The FBI focuses its efforts on money laundering facilitation—targeting professional money launderers, key facilitators, gatekeepers, and complicit financial institutions, among others.

Criminals who engage in money laundering derive their proceeds through:

  • Complex financial crimes
  • Health care fraud
  • Human trafficking
  • International and domestic public corruption
  • Narcotics trafficking
  • Terrorism

Criminals use a number of tools to launder money, including:

  • Financial institutions
  • International trade
  • Precious metals
  • Real estate
  • Third party service providers
  • Virtual currency

There are three steps in the money laundering process—placement, layering, and integration:

  • Placement is the criminal entering money into the financial system.
  • Layering is the most complex and often involves moving money internationally. Layering separates the criminal’s money from the original source and creates a complex audit trail through a series of financial transactions.
    Integration occurs when the criminal’s proceeds are returned to them from what appear to be legitimate sources.

The FBI regularly coordinates with other law enforcement agencies, international partners, and industry to detect and disrupt money laundering

Securities and Commodities Fraud

The creation of complex investment vehicles and the tremendous increase in the amount of money being invested have created greater opportunities for individuals and businesses to create fraudulent investment schemes.

To investigate and help prevent fraudulent activity in the financial markets, the Bureau works closely with various government and private organizations to investigate securities and commodities fraud. 

Mortgage and Financial Institution Fraud 

Financial institution fraud happens when criminals target banks, credit unions, and other financial institutions. Many schemes involve compromising customers' accounts or personal information. Embezzlement and misapplication of funds are two common financial institution fraud crimes in FBI investigations. Sometimes, fraud can be severe enough to cause the failure of a bank or credit union..

Mortgage fraud happens when someone lies to influence a bank's mortgage decision or if a distressed homeowner is the victim of a fraud.

There are two areas of mortgage fraud:

  • Fraud for profit: This type of fraud involves professionals in the home buying process stealing cash and equity from lenders and homeowners. These types of cases area priority for the FBI.
  • Fraud for housing: This fraud happens when borrowers lie about their incomes or assets on a loan application or influence an appraiser to manipulate a property's value.

The FBI works with partners to investigate mortgage and financial institution fraud cases. The FBI participates in task forces that share intelligence, de-conflict cases, and create joint investigations.

Intellectual Property Theft/Piracy 

Intellectual property theft involves robbing people or companies of their ideas, inventions, and creative expressions—known as intellectual property. This can include everything from trade secrets to proprietary products to movies, music, and software.

Intellectual property theft costs U.S. businesses billions each year.

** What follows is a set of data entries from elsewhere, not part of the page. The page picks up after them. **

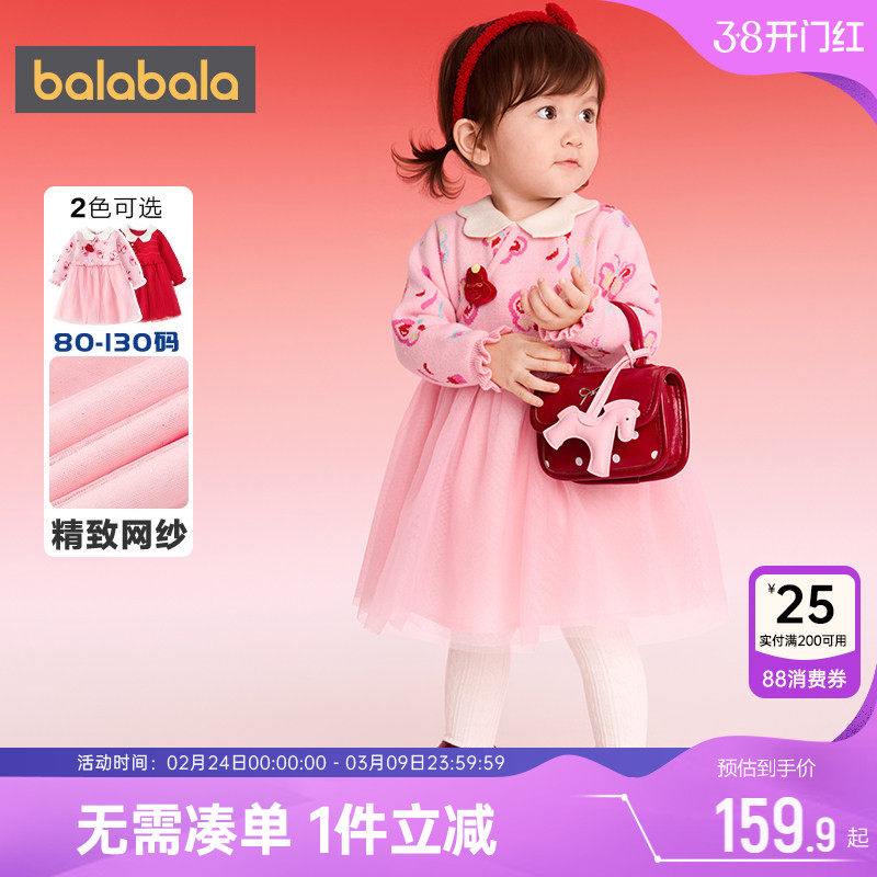 巴拉巴拉童装女童连衣裙2026新春秋装网纱儿童裙子新年红色公主裙
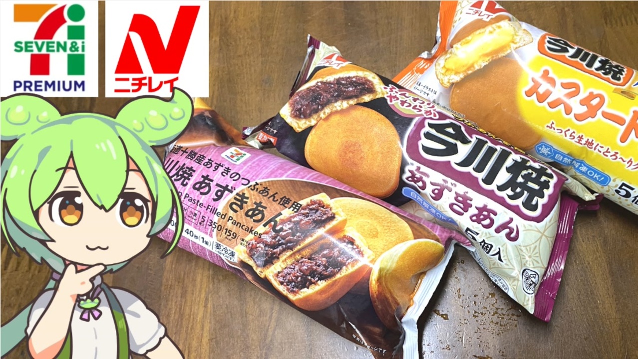 本家、ニチレイの今川焼がプライベートブランド(セブンプレミアムやトップバリュ)と<br>どれだけ違うのか気になったので食べ比べてみました。<br><br><br>【参考】<br>7プレミアム 今川焼あずきあん(セブンプレミアム)<br><a href="https://www.sej.co.jp/products/a/item/410307/" target="_blank" rel="noopener nofollow">https://www.sej.co.jp/products/a/item/410307/</a><br>今川焼(あずきあん)(ニチレイフーズ)<br><a href="https://www.nichireifoods.co.jp/product/detail/sho_id20/" target="_blank" rel="noopener nofollow">https://www.nichireifoods.co.jp/product/detail/sho_id20/</a><br>今川焼(カスタードクリーム)(ニチレイフーズ)<br><a href="https://www.nichireifoods.co.jp/product/detail/sho_id21/" target="_blank" rel="noopener nofollow">https://www.nichireifoods.co.jp/product/detail/sho_id21/</a><br>今川焼あずきあん(トップバリュ)<br><a href="https://www.topvalu.net/items/detail/4549414317183/" target="_blank" rel="noopener nofollow">https://www.topvalu.net/items/detail/4549414317183/</a><br>今川焼カスタードクリーム(トップバリュ)<br><a href="https://www.topvalu.net/items/detail/4549414317190/" target="_blank" rel="noopener nofollow">https://www.topvalu.net/items/detail/4549414317190/</a><br>ニチレイフーズ 2023年秋季新商品・リニューアル商品のご案内 全58品がラインアップ(ニチレイフーズ)<br><a href="https://www.nichireifoods.co.jp/news/2023/info_id37397/" target="_blank" rel="noopener nofollow">https://www.nichireifoods.co.jp/news/2023/info_id37397/</a><br>スーパーマーケットバロー<br><a href="https://valor.jp/" target="_blank" rel="noopener nofollow">https://valor.jp/</a><br><br><br><br>【使用した素材】(※敬称略)<br>(合成音声)VOICEVOX/ずんだもん/四国めたん/<br><a href="https://voicevox.hiroshiba.jp/" target="_blank" rel="noopener nofollow">https://voicevox.hiroshiba.jp/</a><br>(立ち絵)坂本アヒル<br><a href="https://seiga.nicovideo.jp/seiga/im10788496" target="_blank" rel="noopener">im10788496</a>/<a href="https://seiga.nicovideo.jp/seiga/im10791276" target="_blank" rel="noopener">im10791276</a><br>(楽曲)甘茶の音楽工房/「楽しい麦畑」「フルーツパフェ」「お城の舞踏会」<br><a href="https://amachamusic.chagasi.com/" target="_blank" rel="noopener nofollow">https://amachamusic.chagasi.com/</a><br><br><br>【関連動画】<br>トップバリュの黄色いヤツ「今川焼あずきあん・カスタードクリーム」<br><a href="https://www.youtube.com/watch?v=vGxKLjQFaso&t=40s" target="_blank" rel="noopener nofollow">https://www.youtube.com/watch?v=vGxKLjQFaso&t=40s</a><br>ビッグとバローで買ってきた「かつおのたたき」<br><a href="https://www.youtube.com/watch?v=3SJXIfo8QWw&t=14s" target="_blank" rel="noopener nofollow">https://www.youtube.com/watch?v=3SJXIfo8QWw&t=14s</a>
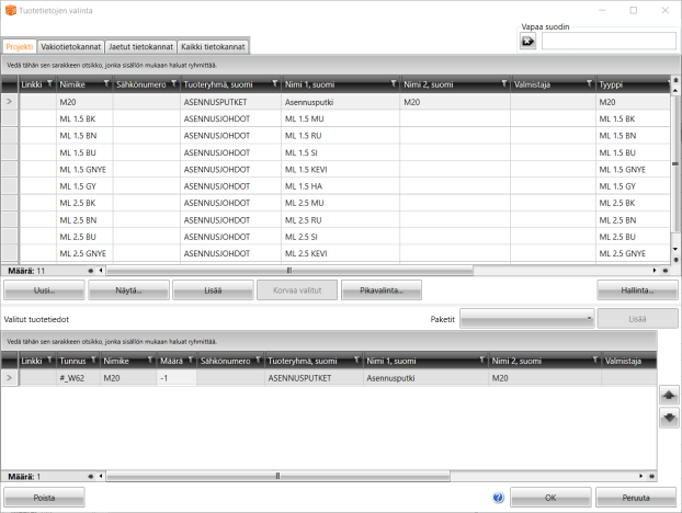 Projekti – Välilehdellä näkyy ainoastaan nykyisessä projektissa käytössä olevat tuotetiedot.
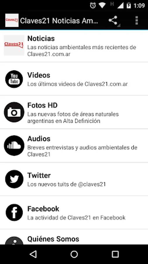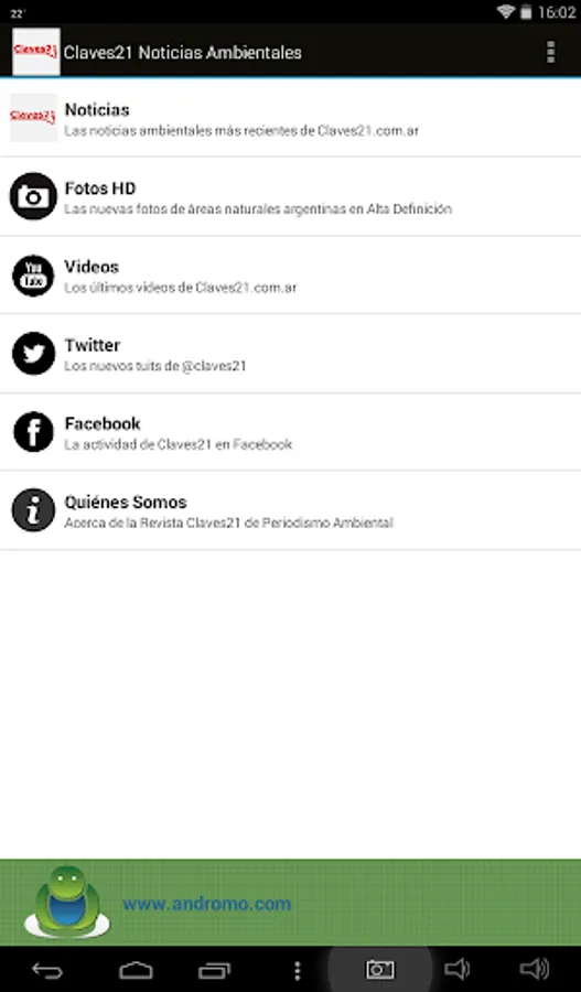 Key 21 provides environmental news from Argentina and the world and other content constantly updated as pictures of landscapes in HD Argentine natural areas and videos with interviews concerning sustainable development and ecology. This is a free app environmental journalism.

The FBI's intellectual property investigations focus on the theft of trade secrets and copyright infringement on products that can impact people's health and safety, like counterfeit parts for cars and electronics. The FBI works with partners in the private sector and other law enforcement agencies at all levels to investigate these cases.

Learn more at the National Intellectual Property Rights Coordination Center.

Similarly, economic espionage costs the American economy hundreds of billions of dollars per year and puts our national security at risk. In these cases, foreign competitors deliberately target economic intelligence in advanced technologies and successful U.S. industries.